I think I have a proper filter setup in /opt/custom/etc/rsyslog.d/kvm.conf :msg, contains, "unimplemented perfctr wrmsr" /var/adm/messages & ~

kfr- commented 8 years ago

If the filter is setup correctly, I should no longer see "unimplemented perfctr wrmsr" messages.

rmustacc commented 8 years ago

Well, if it's causing the host to hang, then can you generate an NMI when that happens and verify that you can't ping and use the console before that.

kfr- commented 8 years ago

I know I can't ping the console and I can't ssh into the host.

kfr- commented 8 years ago

Going to generate an NMI as per https://wiki.smartos.org/pages/viewpage.action?pageId=754743 the next time it happens. I will report back.

ingenthr commented 8 years ago

The host was hung in my case as well. I moved to lx brand VMs for now, but may need thost KVMs again at some point. I can try to get to another hang if it'd be helpful. My host doesn't have a BMC, so I'd need to see if it has a hardware NMI to get a crash dump or need to set a breakpoint somewhere useful. I've done this before but it's been a while, so I'm glad to get more data if it's useful.

davefinster commented 8 years ago

If it's of any usefulness, I just observed this on an old box running 20150123T200224Z that has its disks attached via a JBOD array that was suffering from both a very low available DRAM condition (mistakenly almost over-committed, as such free list showed <1GB available) and what appeared to be faulty SLOG SSDs exhibiting insanely high I/O latency. These SSDs are SATA Intel devices residing in a JBOD.

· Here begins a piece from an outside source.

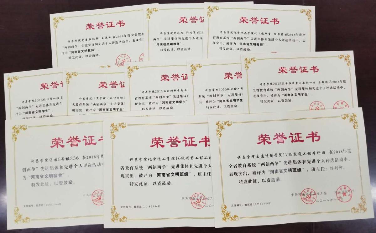 近日,bet36体育在线在省委高校工委、省教育厅开展的2018年度全省教育系统“两创两争”活动先进集体和先进个人的评选工作中喜获佳绩。bet36体育在线化学化工学院16级制药工程二班(班主任:谢智宇)、交通运输学院17级交通工程本科班(班主任:杨利柯)两个班级被评为“河南省文明班级”;宁园5号楼336被评为“河南省文明宿舍”;科技处郭现军、党委组织部王鸿政、化学化工学院徐静莉三名教师被评为“河南省文明教师”; 2015级材料科学与工程1班陈璐、2015级测绘工程1班贾朝阳、2015级工商管理(会计方向)1班刘雅婷、2015级食品质量与安全一班吕敏明、2016级法学一班马原五名同学被评为“河南省文明学生”。
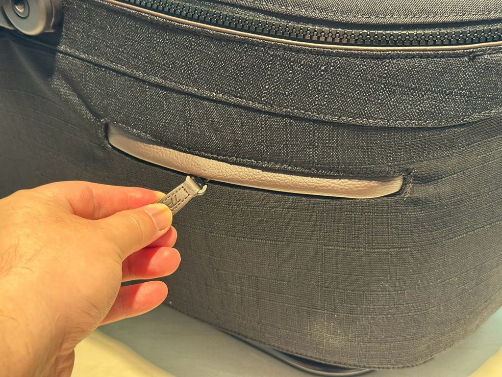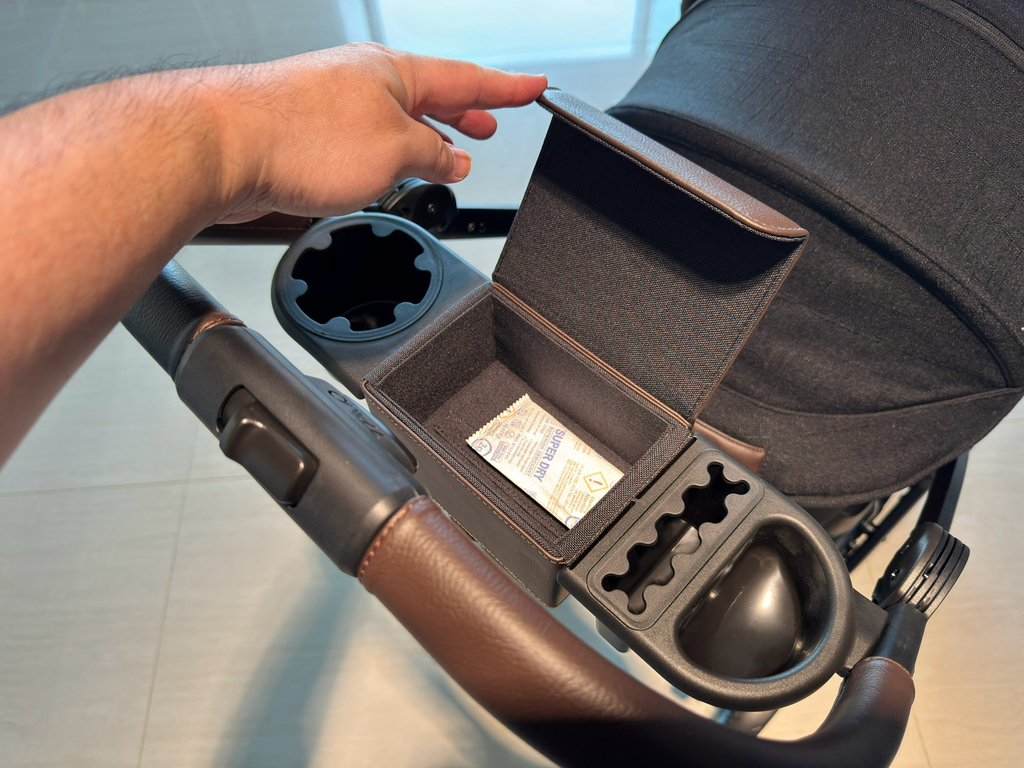 頂級皮革包覆手把和儲物收納格,出行時可輕鬆置放手機、寵物零食等隨身小物~

After a reboot, as VMs were being started, the host would eventually hang - keyboard I/O on consoles would still be accepted and be displayed, but nothing would make forward progress.

Removing the SLOG SSDs from service resolved the problem. Unfortunately I did not get a chance to inject an NMI/obtain a dump but if it happens again I'll be sure to give it a try.